The Corporate Governance Framework of Teleperformance SE is structured as follows:
• The Board of Directors - in the form of a Conseil d’administration - sets the strategic guidelines for Teleperformance’s activities and oversees their implementation. The Board considers all matters regarding the operations of the Group and, through its deliberations, settles any issues arising. It is composed of a majority of independent members.
• The Executive management consists in an organization structured around a Chairman and Chief Executive Officer, a Deputy Chief Executive Officer and a Management Committee, composed of the Executive Committee and key Group managers in their respective areas of expertise.
The combination of the functions of Chairman of the Board and Chief Executive Officer and the appointment of a Deputy Chief Executive Officer enables the Group to assert a more transparent, rectilinear and, above all, flexible management organization structure in order to encourage the acceleration of the strategic decision-making process and decision-making circuits so that decisions can be implemented more quickly to meet the Group’s current and future challenges.
• The Executive Committee consists of a reduced number of key managers. It is responsible for the Group’s operational management. It implements the strategic rientations defined by the Board of Directors, ensures the coherence of the actions undertaken by all of the subsidiaries and discusses the major operational initiatives necessary to the development of the Group and to its performance.
• The Management Committee consists of all the members of the Executive Committee and the main key operational and functional managers of the Group. It takes part in the development and coordination of key strategic projects and initiatives set out by the Executive Committee. It ensures the running of Group activities and the implementation of its main transversal policies with regards to their respective competences and areas of expertise. It also ensures a wide concertation on Group strategy and evolution and contribute to a permanent dialog. It does not have a decision-making power.
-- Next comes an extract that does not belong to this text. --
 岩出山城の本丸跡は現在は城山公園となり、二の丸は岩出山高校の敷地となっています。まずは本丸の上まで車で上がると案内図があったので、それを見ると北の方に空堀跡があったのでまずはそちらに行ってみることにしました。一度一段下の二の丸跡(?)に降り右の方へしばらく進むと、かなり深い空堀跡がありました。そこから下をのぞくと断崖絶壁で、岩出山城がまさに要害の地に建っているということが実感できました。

In the performance of its missions and duties, the Board is assisted by three specialized Committees: the Audit, Risk and Compliance Committee, the Remuneration and Appointments Committee and the CSR Committee.
The works performed by the Committees, which report on their work after each of their meetings, assist the Board of Directors in its discussions and decision making. The Board Committees work on assignments entrusted to them by the Board. They actively prepare their works and inform the Board of all points which appear to raise an issue or require a decision, thus facilitating its deliberations. They also provide any advice and recommendation to the Board as falls within their remit, but have no power of decision, subject to the decisions that the Audit and Compliance Committee may adopt pursuant to applicable legal and regulatory provisions, under the responsibility of the Board.
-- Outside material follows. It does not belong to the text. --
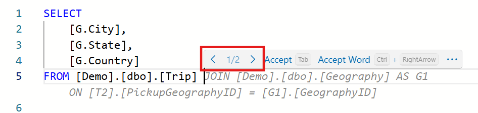 Sobald Sie im Editor mit dem Schreiben von T-SQL-Code oder Kommentaren beginnen, verwendet Copilot für Data Warehouse Ihr Warehouse-Schema und den Kontext der Abfrage-Registerkarte, um den vorhandenen IntelliSense mit Inline-Code-Vorschlägen zu ergänzen. Die Fertigstellungen können in unterschiedlichen Längen kommen – manchmal der Abschluss der aktuellen Zeile und manchmal ein ganz neuer Codeblock. Die Codevervollständigungen unterstützen alle Arten von T-SQL-Abfragen: Datendefinitionssprache (Data Definition Language, DDL), Datenabfragesprache (Data Query Language, DQL) und Datenbearbeitungssprache (Data Manipulation Language, DML). Sie können alle oder einen Teil der Vorschläge annehmen oder weiter tippen, um die Vorschläge zu ignorieren. Es kann auch alternative Vorschläge generieren, die Sie auswählen können.

The Remuneration and Appointments Committee issues opinions and recommendations regarding:
● the selection, renewal and qualification of directors and executive officers;
● the the remuneration of directors and executive officers.
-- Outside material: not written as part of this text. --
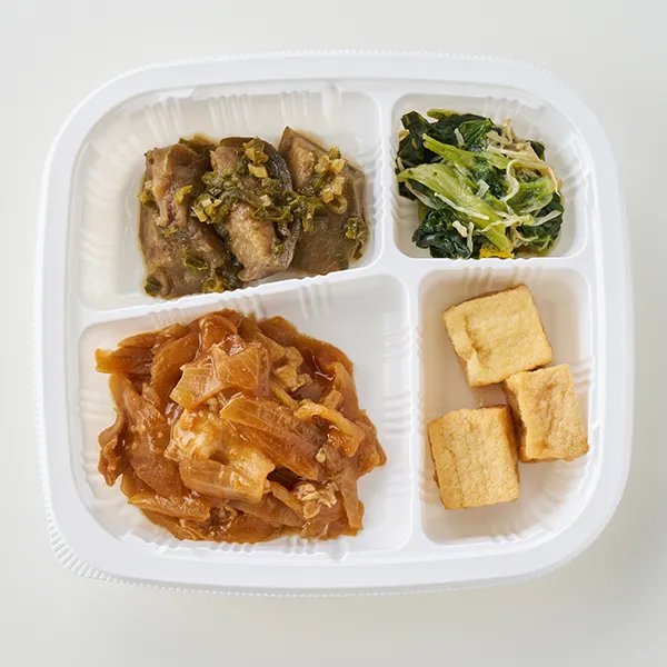 豚肉の生姜焼き(玉ねぎ(中国)、豚肉加工品、食用調合油、甜麺醤、生姜、醤油、清酒、食塩)、茄子の煮びたし(揚げ茄子、小葱、醤油、上白糖、生姜、乾燥大根パウダー)、厚揚げの煮物(厚揚げ、醤油、上白糖、風味調味料、食塩)、小松菜の柚子和え(小松菜、えのき、煮物つゆ、ゆず、食塩)/安定剤(加工澱粉)、加工澱粉、豆腐用凝固剤、調味料(アミノ酸等)、着色料(カラメル)、増粘多糖類、焼成Ca、酸味料、(一部に小麦・落花生・ごま・大豆・豚肉を含む)
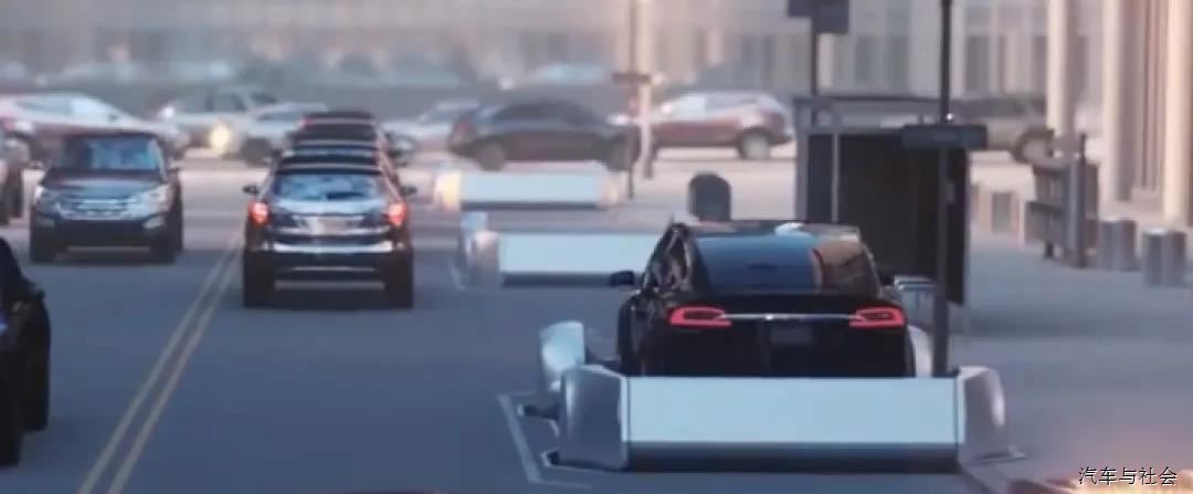 上图就是他老人家的大胆设想,地下交通系统上运行的就是这样萌萌的小型巴士,站点设置在路面,占地仅仅一个普通车位的面积。

The Audit, Risk and Compliance Committee's overall remit is to monitor issues relating to the preparation and control of financial and accounting information. It prepares the background work for the Board’s approval of the annual (parent company and consolidated) financial statements and its review of the half-yearly financial statements, at least two days prior to the relevant Board meeting.
As part of its specific remit, the Committee is primarily responsible for monitoring:
● the financial information preparation process;
● the effectiveness of the internal control and risk management systems;
● the statutory audit of the parent company and consolidated accounts performed by the statutory auditors;
● the independence of the statutory auditors.
The purpose of this statutory assignment is to prepare and facilitate the oversight work of the Board of Directors, anticipate potential problems, identify all risks, notify the Board of those risks and issue appropriate recommendations to the Board.
The CSR Committee's main mission is to monitor issues relating to social and environmental responsibility (social, societal and environmental issues), taking into account legal and regulatory requirements as well as the recommendations of the AFEP-MEDEF code in that regard. Its role is to prepare and facilitate the work of the Board of Directors and to submit to it any opinions, proposals or recommendations in the areas within its remit and it can be consulted by the latter.
As part of its specific remit, the Committee is primarily responsible for :
● the follow-up on the internal impact of the Group’s CSR policy;
● the follow-up on the external impact of the Group’s CSR policy.